Problem details: Your reply should reproduce the data below without a single alteration, apart from dropping the images.

Data provided:
==*==
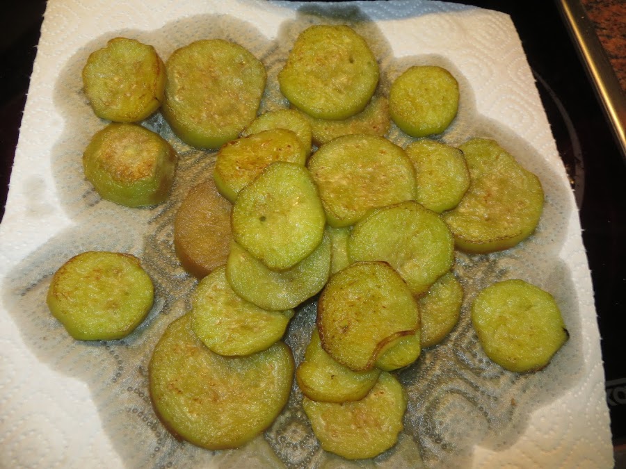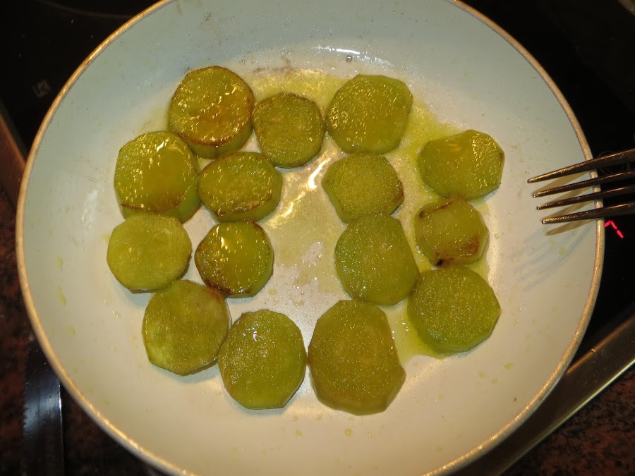 Una vez que tenéis el tomate, cortáis las berenjenas, si queréis las peláis o no, lo importante es dejarlas durante 20 minutos con sal en un plato. Las secáis y las vais friendo en una sartén con un poco de aceite, poco a poco tendréis que ir añadiendo más aceite, ya que las berenjenas se lo van chupando. Las vais sacando a un papel absorbente para quitarles el mayor aceite posible, si queréis reducir el número de calorías las podéis hacer a la plancha.
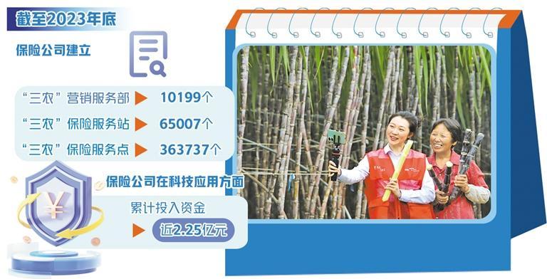 科技的運(yùn)用也有效推動(dòng)保險(xiǎn)業(yè)服務(wù)農(nóng)村。中國保險(xiǎn)行業(yè)協(xié)會(huì)發(fā)布的《保險(xiǎn)業(yè)高質(zhì)量服務(wù)鄉(xiāng)村振興藍(lán)皮書(2024)》顯示,保險(xiǎn)業(yè)有效提升了縣域和農(nóng)村機(jī)構(gòu)網(wǎng)點(diǎn)覆蓋率,截至2023年底,保險(xiǎn)公司建立“三農(nóng)”營銷服務(wù)部10199個(gè),“三農(nóng)”保險(xiǎn)服務(wù)站65007個(gè),“三農(nóng)”保險(xiǎn)服務(wù)點(diǎn)363737個(gè)。2023年,保險(xiǎn)公司在科技應(yīng)用方面累計(jì)投入資金近2.25億元,主要用于空間信息技術(shù)、AI識(shí)別、人工智能、物聯(lián)網(wǎng)等科技手段應(yīng)用,構(gòu)建農(nóng)業(yè)生產(chǎn)、風(fēng)險(xiǎn)信息數(shù)據(jù)共享平臺(tái)。
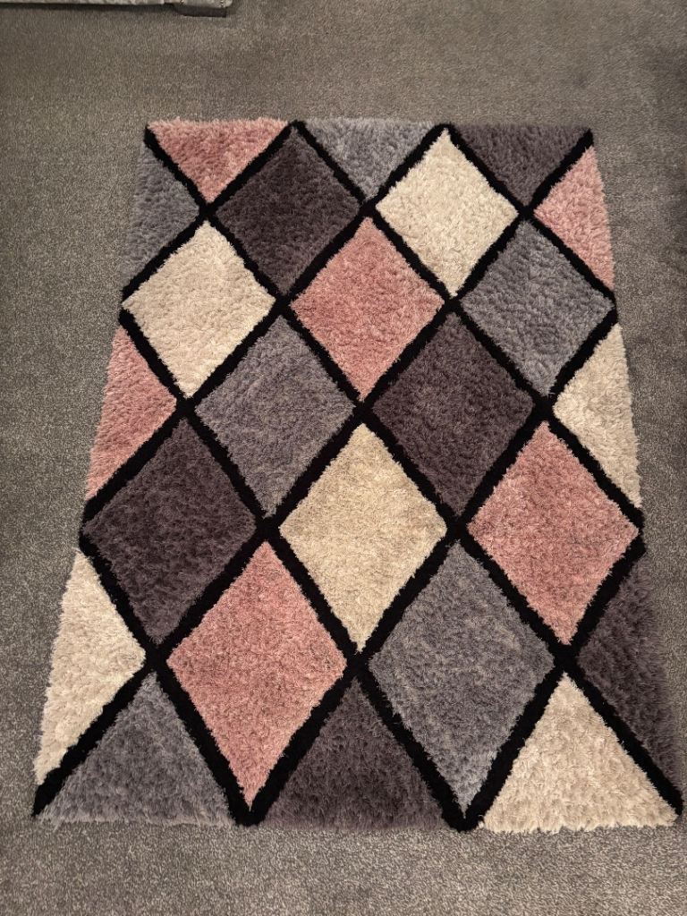 Large diamond rug. Grey pink and white still in good condition. Just been cleaned with carpet cleaner
==*==
Task output:
 Una vez que tenéis el tomate, cortáis las berenjenas, si queréis las peláis o no, lo importante es dejarlas durante 20 minutos con sal en un plato. Las secáis y las vais friendo en una sartén con un poco de aceite, poco a poco tendréis que ir añadiendo más aceite, ya que las berenjenas se lo van chupando. Las vais sacando a un papel absorbente para quitarles el mayor aceite posible, si queréis reducir el número de calorías las podéis hacer a la plancha.
 科技的運(yùn)用也有效推動(dòng)保險(xiǎn)業(yè)服務(wù)農(nóng)村。中國保險(xiǎn)行業(yè)協(xié)會(huì)發(fā)布的《保險(xiǎn)業(yè)高質(zhì)量服務(wù)鄉(xiāng)村振興藍(lán)皮書(2024)》顯示,保險(xiǎn)業(yè)有效提升了縣域和農(nóng)村機(jī)構(gòu)網(wǎng)點(diǎn)覆蓋率,截至2023年底,保險(xiǎn)公司建立“三農(nóng)”營銷服務(wù)部10199個(gè),“三農(nóng)”保險(xiǎn)服務(wù)站65007個(gè),“三農(nóng)”保險(xiǎn)服務(wù)點(diǎn)363737個(gè)。2023年,保險(xiǎn)公司在科技應(yīng)用方面累計(jì)投入資金近2.25億元,主要用于空間信息技術(shù)、AI識(shí)別、人工智能、物聯(lián)網(wǎng)等科技手段應(yīng)用,構(gòu)建農(nóng)業(yè)生產(chǎn)、風(fēng)險(xiǎn)信息數(shù)據(jù)共享平臺(tái)。
 Large diamond rug. Grey pink and white still in good condition. Just been cleaned with carpet cleaner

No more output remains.